Yo, I’m watching Midnight in Paris.

Is this the stupidest fucking movie ever or does it stop being the stupidest fucking movie ever made and then do something else like not being the stupidest most embarrassing fucking movie ever.

I spent today trying to make my own music for Blade Runner. I am sick of this and here is my result.

Yo.

  • Coffee Guy: Nice jumper! Is that sonic?
  • Me: No! But let's say that it is!
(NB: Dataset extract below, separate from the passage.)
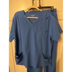 Jockey Men’s Scrub Set in classic blue. The set includes a size Large top and Medium cargo scrub pants, designed for all-day wear.

It is actually my Grandma's
  • Coffee Guy: She must be cold!
  • Me: She is as cold as you can get.
  • Coffee guy: ...oh...
  • Then we went out the front and he tried to show me how to do an ollie and then the fire engine leader came out and got angry at him because someone parked a car in the wrong spot.
  • Big day.

If I ever get fat…

I am of the belief that people are threatened by fat people due to their personal belief that the other persons weight is a result of their lack of self control. This scares people, as we’re all susceptible to the curse of self control, our lack of it. Fat people mirror peoples insecurities. 
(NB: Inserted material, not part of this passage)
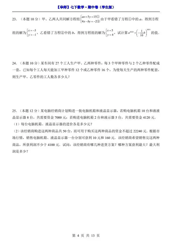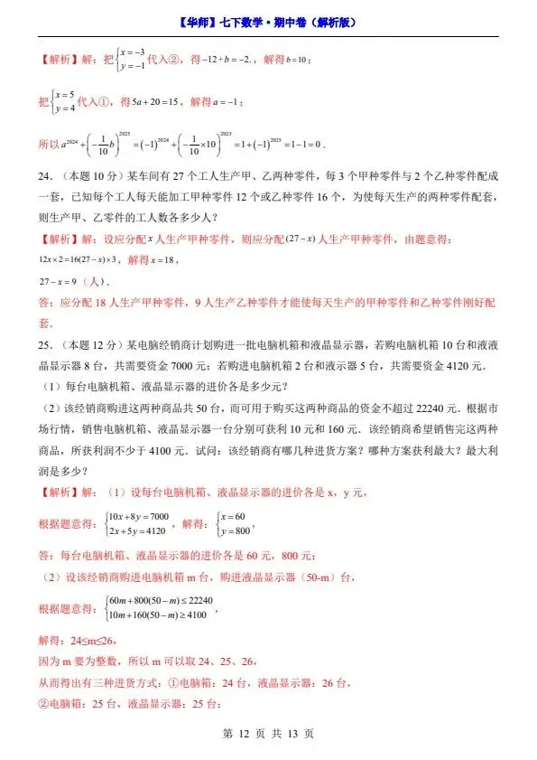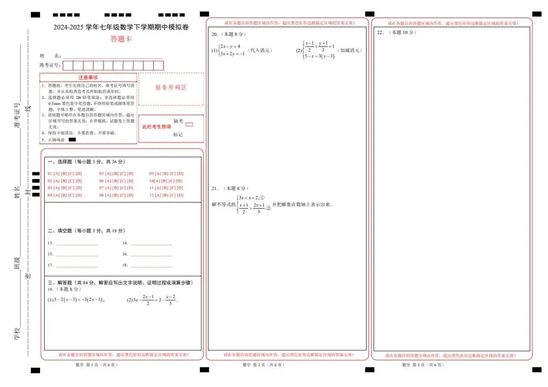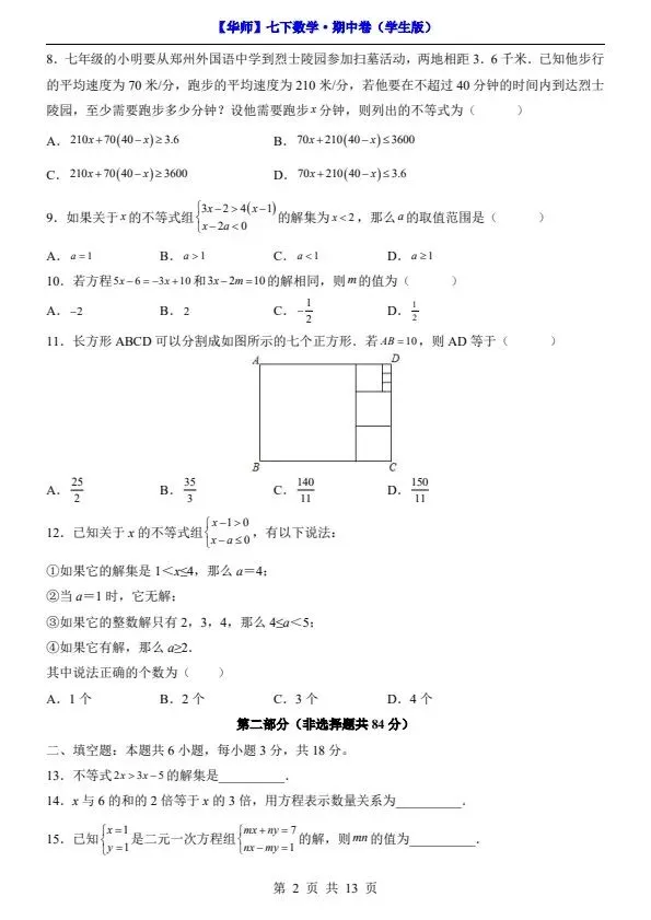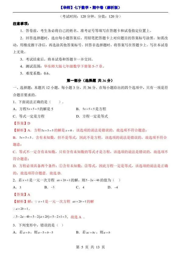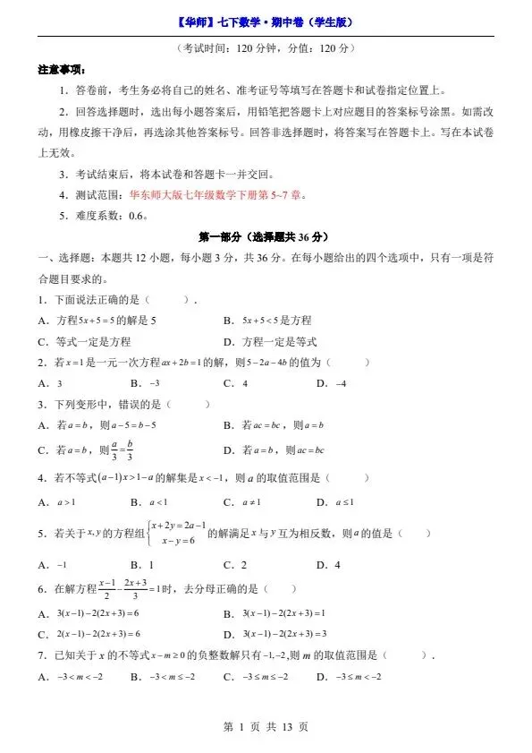 新七年级下册数学华师版期中试卷(答案+答题卡)完整电子版可打印!家长关注收藏,让孩子用高效的方法学透知识点,用优质的资源为学习赋能,在成长的赛道上稳步前行,轻松提分!

So basically if and when I get fat, I am going to announce to everyone that I PLANNED it. A social experiment, simple curiosity, just to see how it feels. This is what I will tell people. When I realize that it’s all catching up, I will take each one aside one beery afternoon and explain in an excited stream of mouth noises that I have this GREAT plan.

And when it happens…

…everyone will be so, so impressed. I will embody complete self control, when in actual fact I will have succumbed to it.

They will say “He willed it, and it was so”.

This morning I saw a possum carcass ripped in half and sprawled on a park path floor, its innards spread out across the walkway.

What could have done this? This possum did not just simply fall from a high tree. Possums are too agile to fall anyway, they don’t get lazy when balance is concerned.

Who wants to bust this case X-Files style, guys?